Material provided:
────────────────

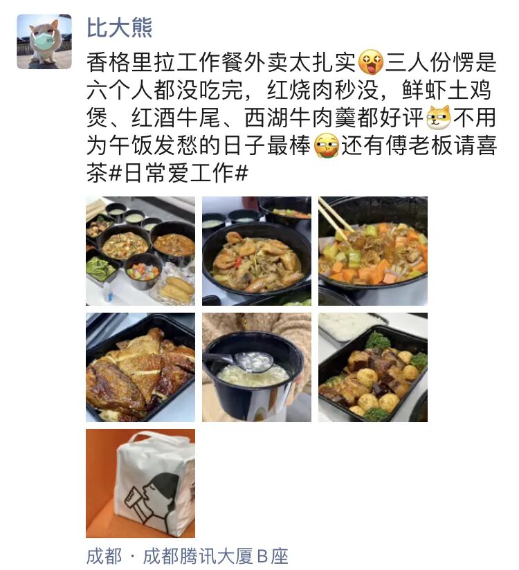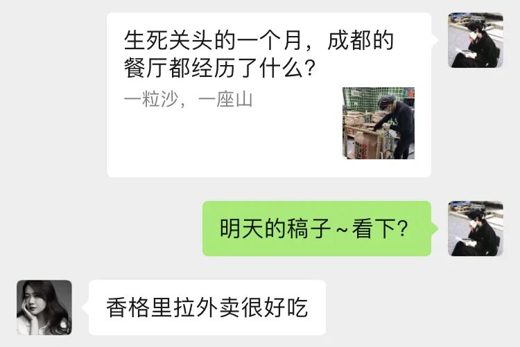 给隔壁成都生活@雪妮 看稿子的时候,她的第一句回复是:「香格里拉外卖很好吃」。
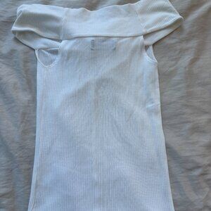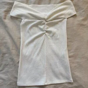Creamy white ribbed top that can be worn directly on or slightly off the shoulder
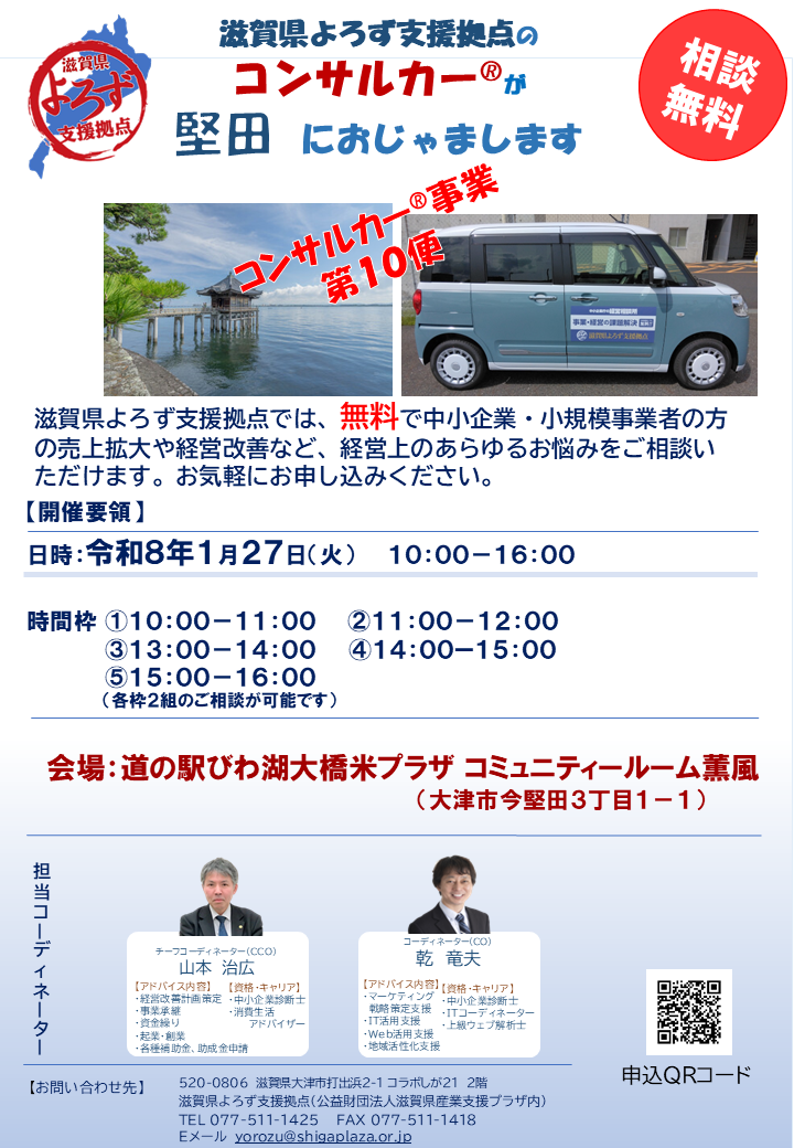 ~滋賀県よろず支援拠点のコンサルカー®が堅田におじゃまします~

────────────────

Assignment: Transcribe all the lines above exactly; any image among them is skipped.

Output of the task:
 给隔壁成都生活@雪妮 看稿子的时候,她的第一句回复是:「香格里拉外卖很好吃」。
Creamy white ribbed top that can be worn directly on or slightly off the shoulder
 ~滋賀県よろず支援拠点のコンサルカー®が堅田におじゃまします~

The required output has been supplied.